▶ **DATA TO EXAMINE**
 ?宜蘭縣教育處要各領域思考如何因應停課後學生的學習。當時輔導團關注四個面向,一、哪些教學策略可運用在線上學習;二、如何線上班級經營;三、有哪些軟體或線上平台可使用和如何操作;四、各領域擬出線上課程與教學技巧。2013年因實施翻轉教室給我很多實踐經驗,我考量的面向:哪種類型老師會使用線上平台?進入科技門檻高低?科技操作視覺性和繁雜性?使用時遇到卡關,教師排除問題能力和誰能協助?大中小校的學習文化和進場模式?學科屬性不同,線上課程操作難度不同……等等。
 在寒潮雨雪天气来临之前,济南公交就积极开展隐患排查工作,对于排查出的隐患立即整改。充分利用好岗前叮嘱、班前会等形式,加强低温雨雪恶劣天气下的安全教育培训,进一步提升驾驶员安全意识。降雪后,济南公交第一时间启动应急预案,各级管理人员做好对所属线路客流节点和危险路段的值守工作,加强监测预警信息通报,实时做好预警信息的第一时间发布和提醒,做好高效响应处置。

--

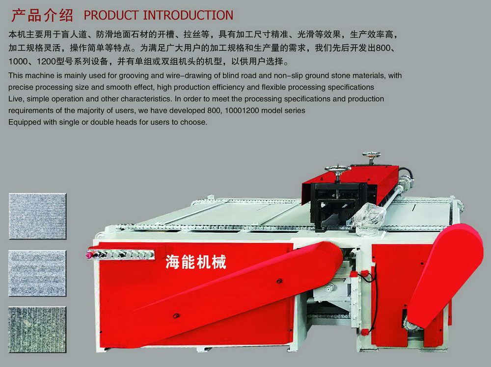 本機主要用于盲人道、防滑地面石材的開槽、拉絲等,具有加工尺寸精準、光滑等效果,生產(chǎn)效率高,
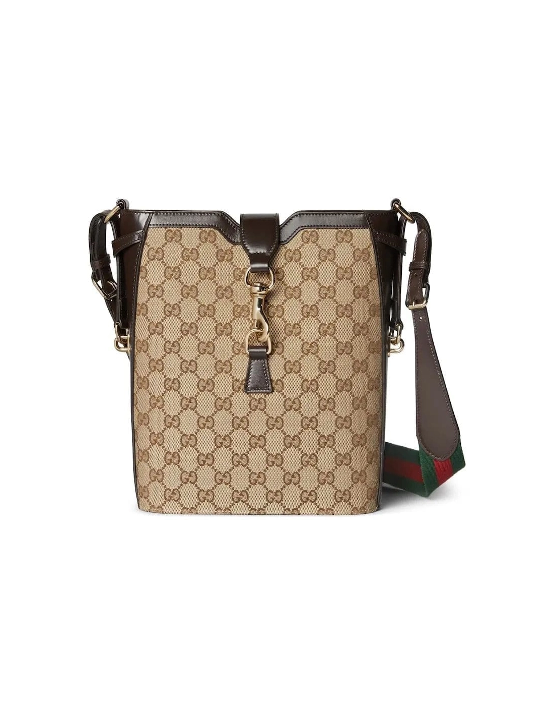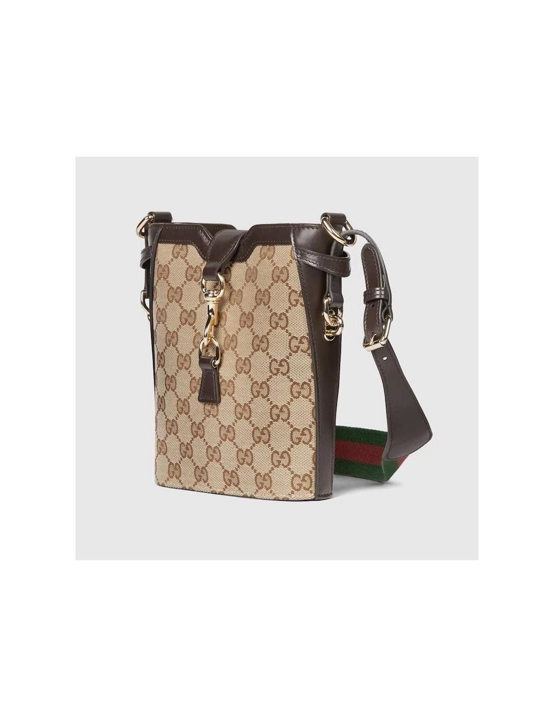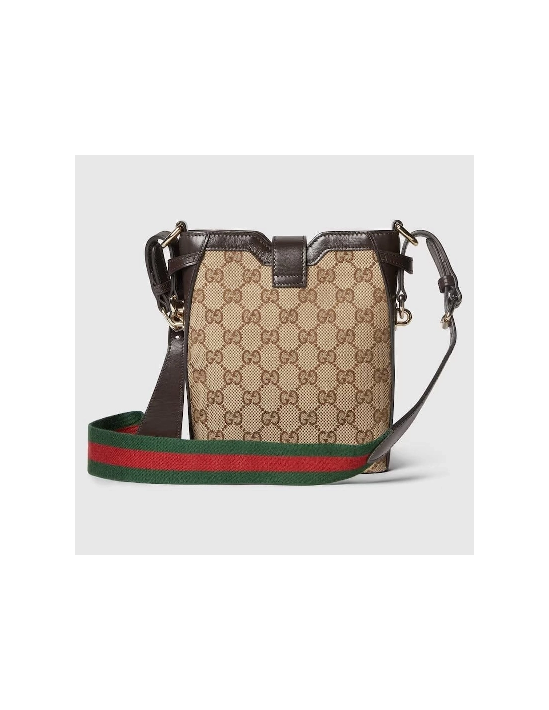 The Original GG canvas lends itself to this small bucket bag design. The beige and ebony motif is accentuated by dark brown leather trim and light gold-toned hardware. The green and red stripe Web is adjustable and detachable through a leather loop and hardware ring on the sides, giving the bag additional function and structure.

▶ **TASK PROMPT**
With the pictures omitted, restate word for word the lines above from the line that has "本機主要用于盲人道、防滑地面" up to and including the line that has "The Original GG", and no other lines.

▶ **WRITTEN SOLUTION**
 本機主要用于盲人道、防滑地面石材的開槽、拉絲等,具有加工尺寸精準、光滑等效果,生產(chǎn)效率高,
 The Original GG canvas lends itself to this small bucket bag design. The beige and ebony motif is accentuated by dark brown leather trim and light gold-toned hardware. The green and red stripe Web is adjustable and detachable through a leather loop and hardware ring on the sides, giving the bag additional function and structure.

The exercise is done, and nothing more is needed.